TO DO – Exactly as written, transcribe the data from its opening line through the line containing "Lay out horizontal". Leave every picture out.

SUPPLIED DATA –
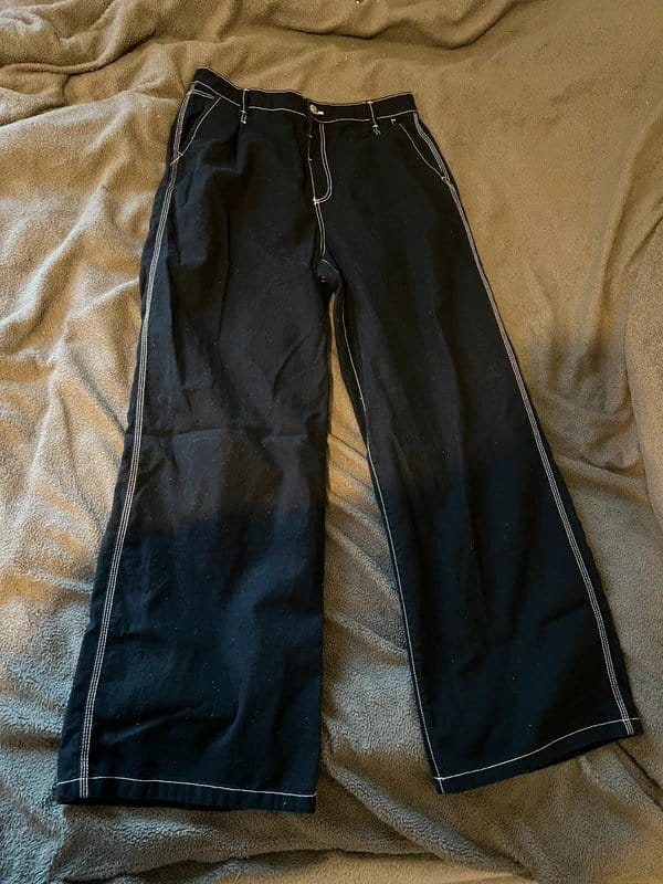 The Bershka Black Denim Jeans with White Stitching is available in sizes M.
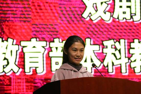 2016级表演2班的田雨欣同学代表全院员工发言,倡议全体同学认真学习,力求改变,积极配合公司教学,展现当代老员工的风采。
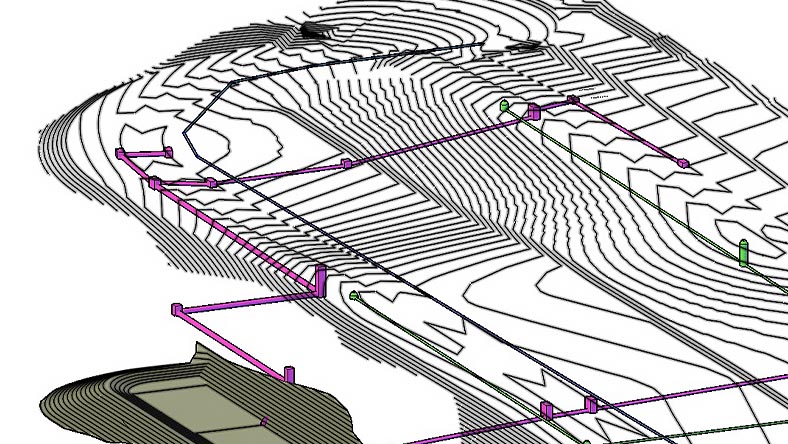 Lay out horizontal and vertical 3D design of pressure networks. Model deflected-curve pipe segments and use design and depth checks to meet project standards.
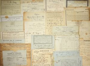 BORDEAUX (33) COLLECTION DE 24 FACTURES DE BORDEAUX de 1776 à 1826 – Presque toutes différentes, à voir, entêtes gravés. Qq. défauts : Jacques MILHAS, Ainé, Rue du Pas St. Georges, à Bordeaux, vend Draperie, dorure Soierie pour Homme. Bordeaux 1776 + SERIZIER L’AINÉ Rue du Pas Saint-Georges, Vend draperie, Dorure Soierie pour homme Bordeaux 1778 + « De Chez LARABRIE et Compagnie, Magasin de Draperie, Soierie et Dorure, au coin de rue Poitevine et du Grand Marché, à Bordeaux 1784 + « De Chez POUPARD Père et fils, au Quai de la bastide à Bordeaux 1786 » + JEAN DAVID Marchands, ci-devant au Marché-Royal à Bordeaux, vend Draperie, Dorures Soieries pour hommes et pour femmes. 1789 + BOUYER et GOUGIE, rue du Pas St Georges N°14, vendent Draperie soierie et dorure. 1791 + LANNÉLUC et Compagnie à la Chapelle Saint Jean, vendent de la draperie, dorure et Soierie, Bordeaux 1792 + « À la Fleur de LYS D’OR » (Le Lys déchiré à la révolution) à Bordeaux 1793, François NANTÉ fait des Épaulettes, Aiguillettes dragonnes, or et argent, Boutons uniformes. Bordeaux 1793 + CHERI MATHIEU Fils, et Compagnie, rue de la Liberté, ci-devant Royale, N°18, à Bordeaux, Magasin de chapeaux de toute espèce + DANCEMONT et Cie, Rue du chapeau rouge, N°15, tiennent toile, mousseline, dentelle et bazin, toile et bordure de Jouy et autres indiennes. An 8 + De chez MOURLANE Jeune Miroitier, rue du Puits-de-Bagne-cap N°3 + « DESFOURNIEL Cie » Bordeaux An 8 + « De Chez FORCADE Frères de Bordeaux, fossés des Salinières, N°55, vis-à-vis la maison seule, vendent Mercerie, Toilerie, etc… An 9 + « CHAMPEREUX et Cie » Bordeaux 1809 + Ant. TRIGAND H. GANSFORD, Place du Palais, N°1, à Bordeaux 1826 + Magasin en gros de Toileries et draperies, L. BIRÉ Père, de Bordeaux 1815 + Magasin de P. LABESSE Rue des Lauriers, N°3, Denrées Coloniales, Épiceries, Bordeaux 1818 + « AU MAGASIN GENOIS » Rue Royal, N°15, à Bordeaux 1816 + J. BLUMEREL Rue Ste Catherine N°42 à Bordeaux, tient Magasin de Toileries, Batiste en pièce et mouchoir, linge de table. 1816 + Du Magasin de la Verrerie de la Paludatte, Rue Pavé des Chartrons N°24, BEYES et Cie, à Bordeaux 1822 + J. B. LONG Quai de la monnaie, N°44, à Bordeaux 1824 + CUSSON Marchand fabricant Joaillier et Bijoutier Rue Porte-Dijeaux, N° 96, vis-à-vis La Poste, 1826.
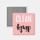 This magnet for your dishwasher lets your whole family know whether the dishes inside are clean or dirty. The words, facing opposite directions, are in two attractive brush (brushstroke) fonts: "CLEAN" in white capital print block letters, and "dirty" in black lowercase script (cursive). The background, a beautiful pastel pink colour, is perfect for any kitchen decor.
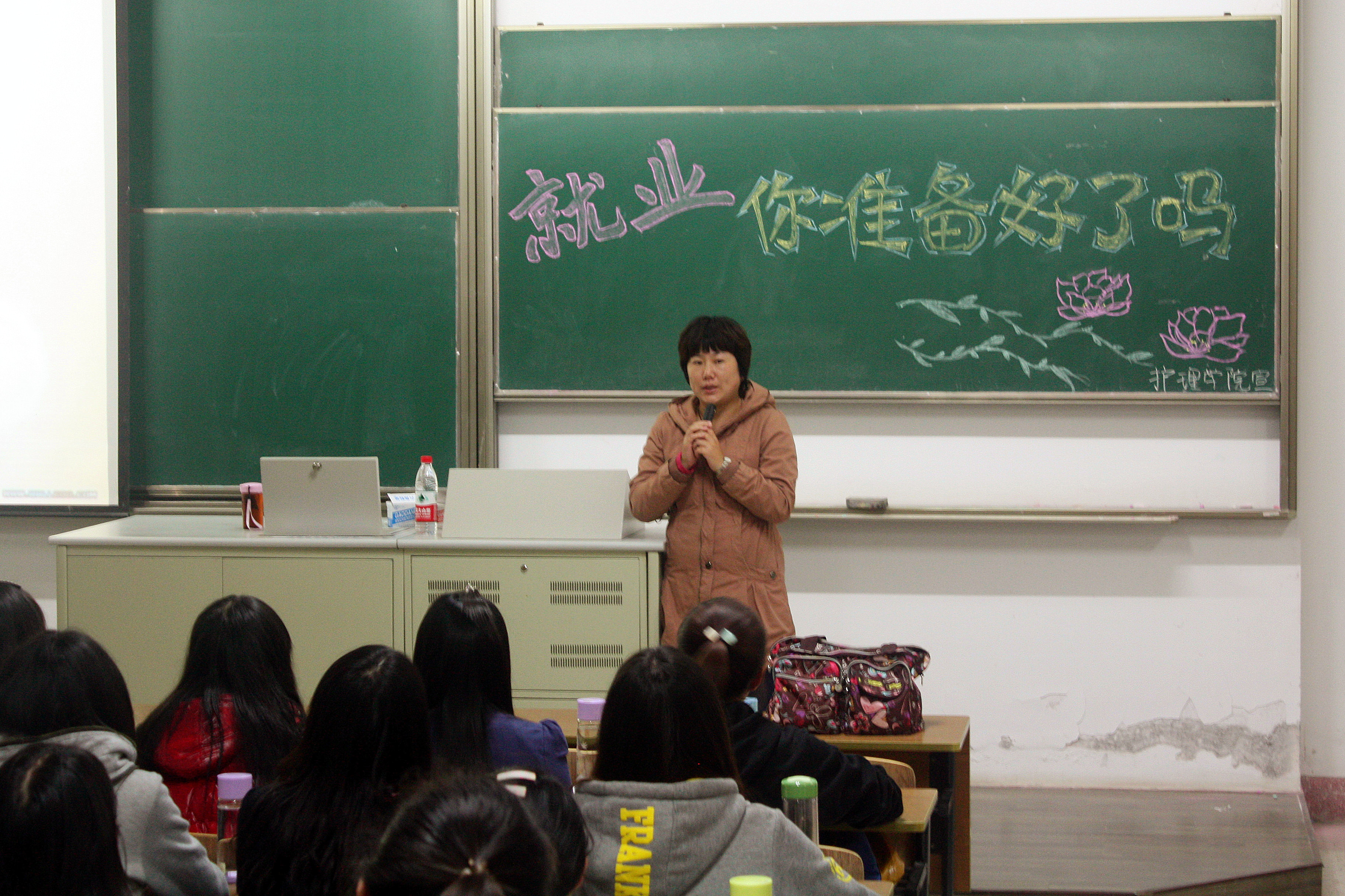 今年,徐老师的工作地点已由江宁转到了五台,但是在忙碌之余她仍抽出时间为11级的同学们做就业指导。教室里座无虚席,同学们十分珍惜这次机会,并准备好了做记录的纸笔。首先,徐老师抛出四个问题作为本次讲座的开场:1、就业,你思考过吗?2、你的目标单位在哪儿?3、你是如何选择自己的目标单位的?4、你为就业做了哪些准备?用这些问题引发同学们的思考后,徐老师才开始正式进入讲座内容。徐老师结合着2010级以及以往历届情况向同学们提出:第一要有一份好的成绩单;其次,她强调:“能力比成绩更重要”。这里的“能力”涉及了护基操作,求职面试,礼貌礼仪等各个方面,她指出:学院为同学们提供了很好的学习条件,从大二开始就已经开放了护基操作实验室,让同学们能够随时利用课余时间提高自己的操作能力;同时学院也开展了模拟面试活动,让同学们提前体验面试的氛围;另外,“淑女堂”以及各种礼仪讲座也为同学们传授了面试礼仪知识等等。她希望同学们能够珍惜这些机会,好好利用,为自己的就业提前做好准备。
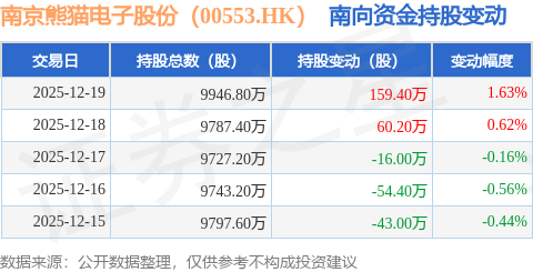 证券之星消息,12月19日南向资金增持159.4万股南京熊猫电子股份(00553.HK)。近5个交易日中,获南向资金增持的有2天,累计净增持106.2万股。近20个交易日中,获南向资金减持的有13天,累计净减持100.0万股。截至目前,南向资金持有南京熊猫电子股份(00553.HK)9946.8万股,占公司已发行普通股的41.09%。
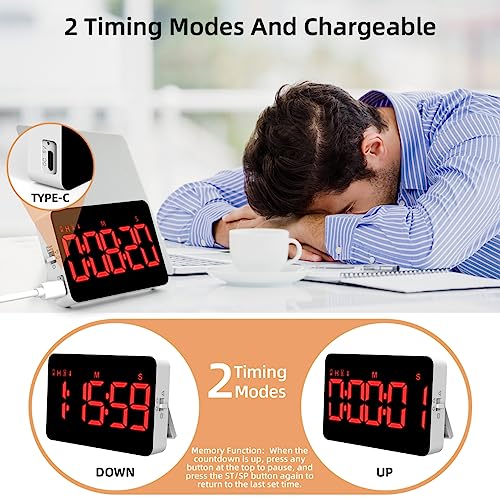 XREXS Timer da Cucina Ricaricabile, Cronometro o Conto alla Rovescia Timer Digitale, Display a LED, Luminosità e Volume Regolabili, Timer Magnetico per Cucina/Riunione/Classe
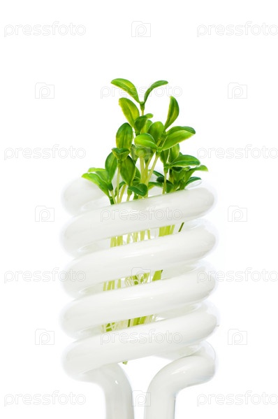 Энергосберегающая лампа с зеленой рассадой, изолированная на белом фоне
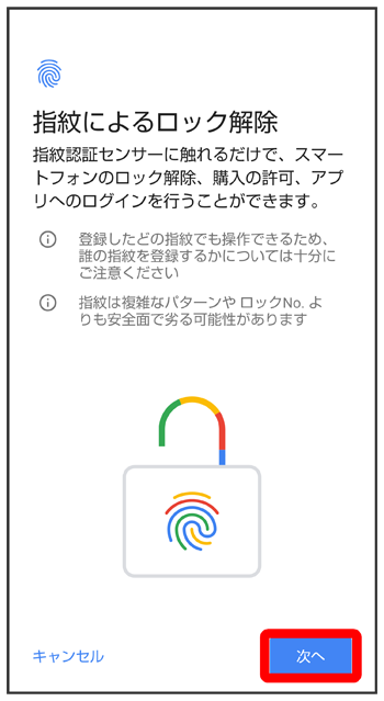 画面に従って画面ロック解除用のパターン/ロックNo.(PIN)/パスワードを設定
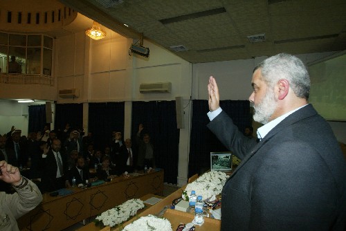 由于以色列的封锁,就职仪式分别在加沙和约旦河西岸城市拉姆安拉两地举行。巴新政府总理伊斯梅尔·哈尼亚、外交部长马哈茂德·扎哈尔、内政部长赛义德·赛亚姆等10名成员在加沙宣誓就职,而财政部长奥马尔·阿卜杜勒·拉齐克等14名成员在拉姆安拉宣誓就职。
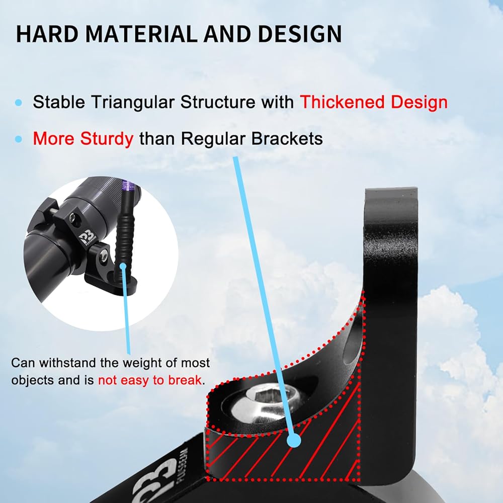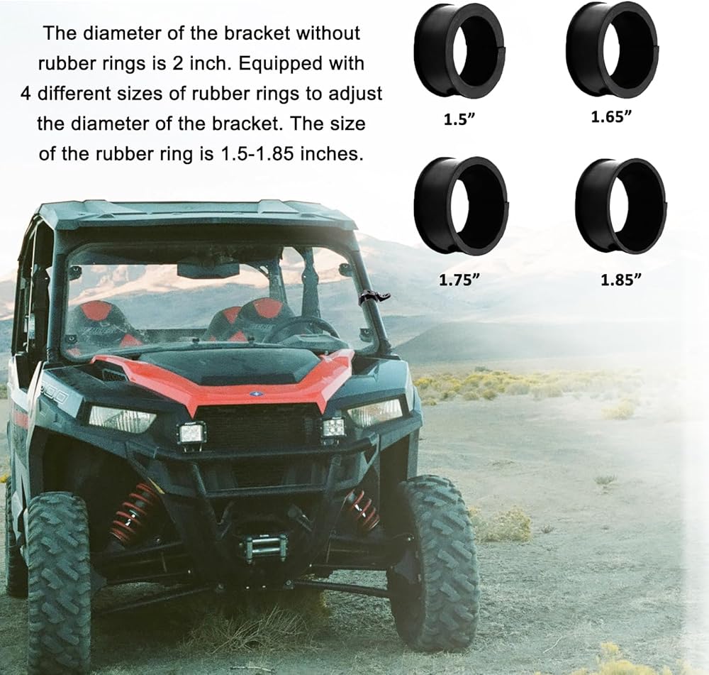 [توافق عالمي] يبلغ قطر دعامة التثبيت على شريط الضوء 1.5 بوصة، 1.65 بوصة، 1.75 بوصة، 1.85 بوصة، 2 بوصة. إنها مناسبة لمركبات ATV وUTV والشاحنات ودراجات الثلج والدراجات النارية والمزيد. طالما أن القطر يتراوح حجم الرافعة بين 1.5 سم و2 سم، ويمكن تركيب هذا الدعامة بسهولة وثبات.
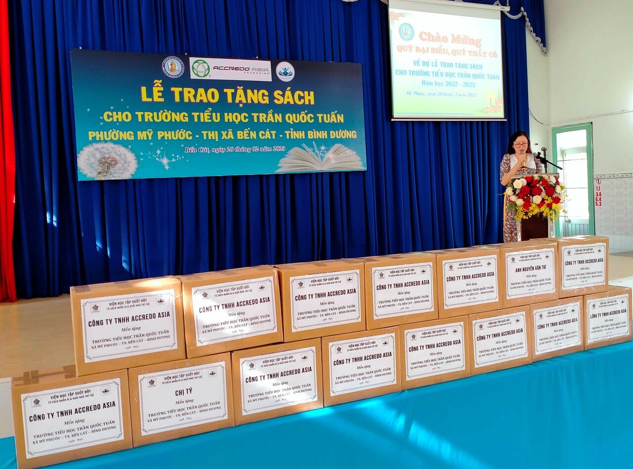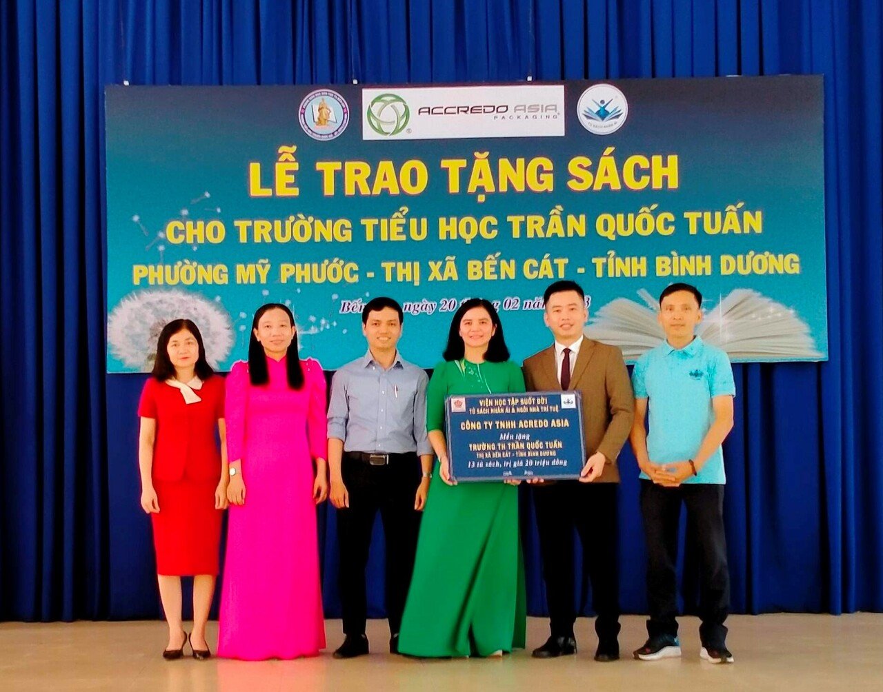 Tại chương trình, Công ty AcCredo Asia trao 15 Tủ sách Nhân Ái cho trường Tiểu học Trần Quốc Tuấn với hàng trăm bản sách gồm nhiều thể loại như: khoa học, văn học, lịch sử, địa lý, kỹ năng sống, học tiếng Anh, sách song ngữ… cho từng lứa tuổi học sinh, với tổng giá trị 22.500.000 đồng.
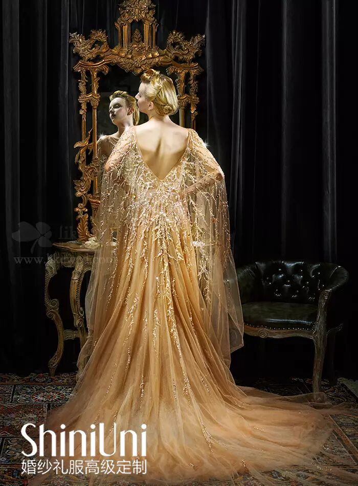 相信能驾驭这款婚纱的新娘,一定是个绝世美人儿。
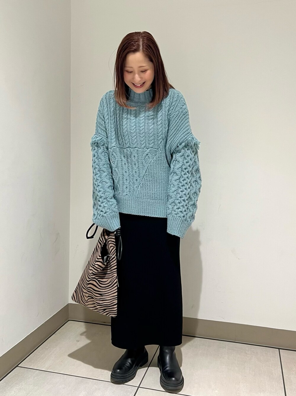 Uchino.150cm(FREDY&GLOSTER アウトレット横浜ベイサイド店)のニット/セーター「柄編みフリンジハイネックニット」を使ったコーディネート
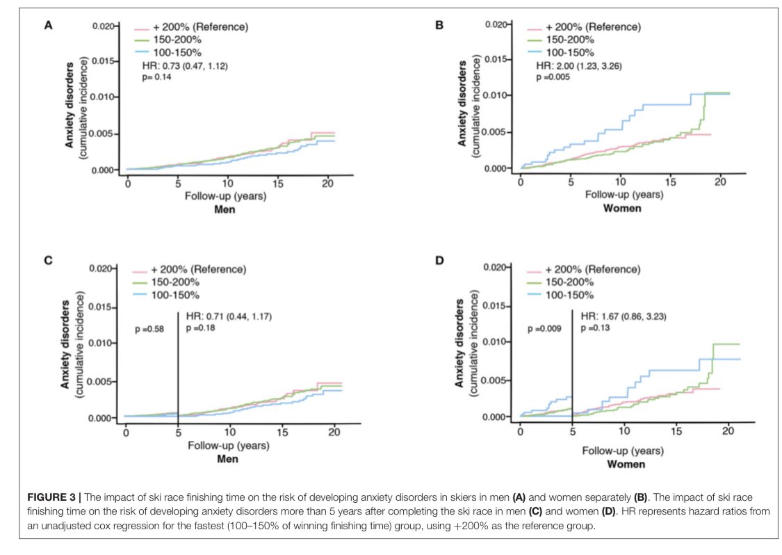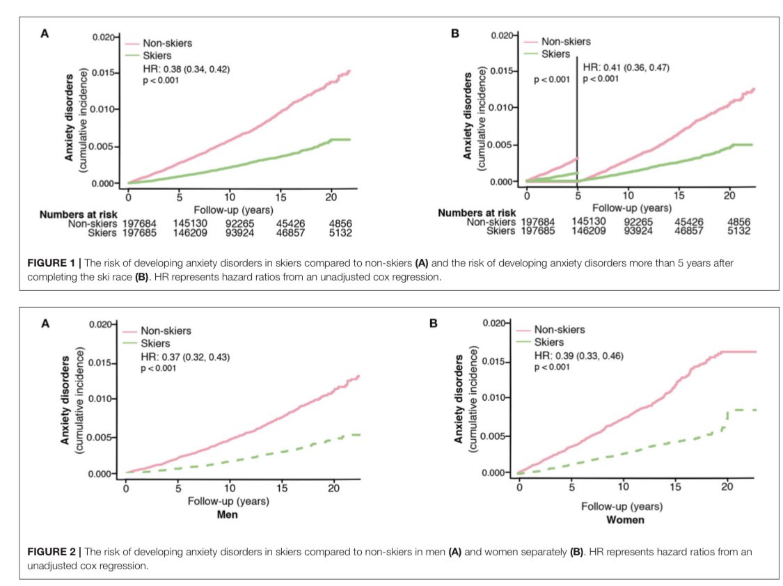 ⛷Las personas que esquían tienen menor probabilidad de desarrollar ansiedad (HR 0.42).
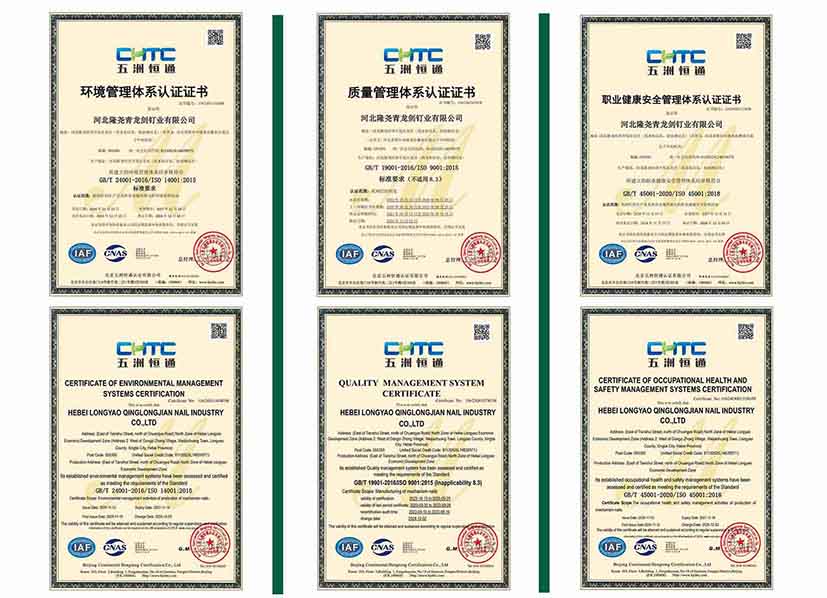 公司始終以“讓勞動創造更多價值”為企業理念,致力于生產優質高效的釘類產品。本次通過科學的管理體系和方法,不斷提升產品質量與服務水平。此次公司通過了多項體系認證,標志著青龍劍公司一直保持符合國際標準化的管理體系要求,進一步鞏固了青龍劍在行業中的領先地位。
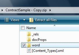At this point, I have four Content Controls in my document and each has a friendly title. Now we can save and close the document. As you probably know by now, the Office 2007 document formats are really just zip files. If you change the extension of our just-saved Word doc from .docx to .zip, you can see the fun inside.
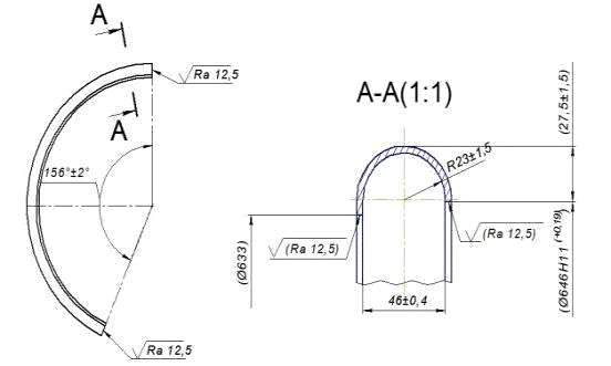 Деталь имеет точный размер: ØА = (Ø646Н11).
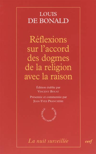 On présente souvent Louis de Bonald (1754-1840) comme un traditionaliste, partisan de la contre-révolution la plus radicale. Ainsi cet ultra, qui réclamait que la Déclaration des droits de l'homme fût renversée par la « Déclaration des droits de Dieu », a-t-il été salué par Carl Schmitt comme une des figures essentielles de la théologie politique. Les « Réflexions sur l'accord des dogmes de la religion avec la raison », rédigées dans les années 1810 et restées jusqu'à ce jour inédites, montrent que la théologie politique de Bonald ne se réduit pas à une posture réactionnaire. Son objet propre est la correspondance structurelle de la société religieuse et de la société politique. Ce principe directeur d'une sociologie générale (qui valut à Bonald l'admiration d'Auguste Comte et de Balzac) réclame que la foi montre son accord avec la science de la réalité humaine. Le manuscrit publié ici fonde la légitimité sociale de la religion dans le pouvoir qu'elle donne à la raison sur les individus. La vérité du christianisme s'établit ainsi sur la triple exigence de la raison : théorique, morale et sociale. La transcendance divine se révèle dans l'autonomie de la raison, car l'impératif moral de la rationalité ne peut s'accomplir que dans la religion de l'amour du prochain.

THE ANSWER –
 The Bershka Black Denim Jeans with White Stitching is available in sizes M.
 2016级表演2班的田雨欣同学代表全院员工发言,倡议全体同学认真学习,力求改变,积极配合公司教学,展现当代老员工的风采。
 Lay out horizontal and vertical 3D design of pressure networks. Model deflected-curve pipe segments and use design and depth checks to meet project standards.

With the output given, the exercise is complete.